その時、キルヒアイスのやってきた方の廊下から、部隊の走りよって来る足音が聞こえ始めた。遠くからは声も聞こえる。あれはシェーンコップではない。
「デア・デッケン!」
フロルは叫んだが、声と一緒に口から溢れる血が、ヘルメットを汚した。
(ああ、駄目かもしれないな)
フロルはそれを見て思った。
「キルヒアイス、引くぞ!」
その一言で二人は違う方向に向かって走り去って行った。どうやら見逃してもらえたようだった。右手からは薔薇の騎士連隊のみんなが走り寄ってきた。
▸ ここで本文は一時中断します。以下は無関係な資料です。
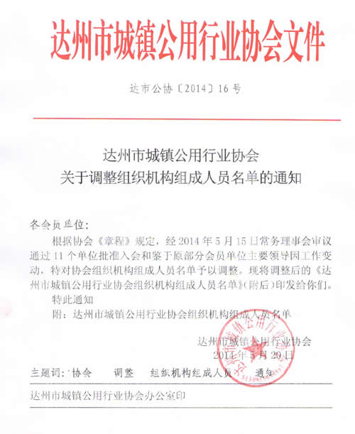 達州市城鎮(zhèn)公用行業(yè)協(xié)會關(guān)于調(diào)整組織機構(gòu)組成人員名單的通知

中隊が二つにわかれ、半分がラインハルトたちを追ったようだった。
「リシャール中佐、いや、間に合って……」
デア・デッケンの言葉は途中で途切れた。
フロルの足から力が抜ける。
膝をついた。
握りしめていたブラスターと戦斧が手から零れ落ちる。
膝立ちになって、フロルは自分の胸を触った。その右手に血がべったりとついていた。
赤い。
彼の後ろでイヴリンが叫ぶ。
デア・デッケンが救護班を呼ぶ声が聞こえる。
そんな喧噪の中。
フロルは地面に倒れ込んだ。
脳裏を、カリンの顔がよぎった。
「……カ……リン」
彼の意識は、急速に暗闇へと落ちて行った。